The Impact on the Data Center
Data centers will be the first beneficiaries of storage-class memory. In fact, enterprise data centers are the initial target market for 3D XPoint, because the technology provides new ways to handle data-intensive workload streams.
“The initial enablement work requires careful collaboration between hardware OEMs, software companies and the media experts in our development groups, however—which is why you haven’t seen end products yet,” Abraham says. “You’ll begin to see new architectures developed around 3D XPoint technology emerge in data center environments in 2017 and 2018.”
According to Faraboschi at HP, data center performance is limited both by the memory hierarchy, as well as the low bandwidth and latency of the fabric connecting servers.
“SCM, on its own, can’t address the fabric limitations,” he says. “For that, you need a new fabric architecture such as the one we plan to enable in The Machine, HPE’s research project to reinvent computer architecture from the ground up.”
The Machine leverages SCM and other technologies to create terabyte- and petabyte-sized pools of universal, non-volatile memory. One key piece of that solution is the memristor, a resistor that stores data after losing power, but HP’s commercialization of that technology has been slower than expected.
Coming to a Desktop Near You?
So far, neither of the first two types of SCM are going to be available for at least a year or more. Adoption at the workstation level will be even farther off.
These new memory solutions create fast storage that could provide benefits for professional workstation applications with high storage demands. Abraham, however, thinks workstation users will have better results in the short term with flash-based SSDs for now because of the lower price point. That will change as the technologies mature and prices come down.

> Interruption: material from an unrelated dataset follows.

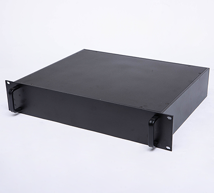 B型機箱由上蓋板,下蓋板,前面板,后面板,側板,前后梁,帶耳把手等配件組裝而成,為機架式機箱,把手兩側帶有耳朵直接固定的機器內。

Dell plans to adopt the technology as soon as it’s available and proven, and the company expects that CAD and simulation users will clamor for it. In the meantime, workstation manufacturers continue to load up on the number of cores available on their machines via Intel’s Xeon products.
“CAD applications are memory hungry, and products are just getting more complicated,” Dell’s Gialusis says. “The amount of analysis work is increasing, and more products are integrating both mechanical and electrical components. Products are more complex. We’re all trying to make engineers as productive as possible, and these memory developments are another piece of the puzzle that help us enable that.”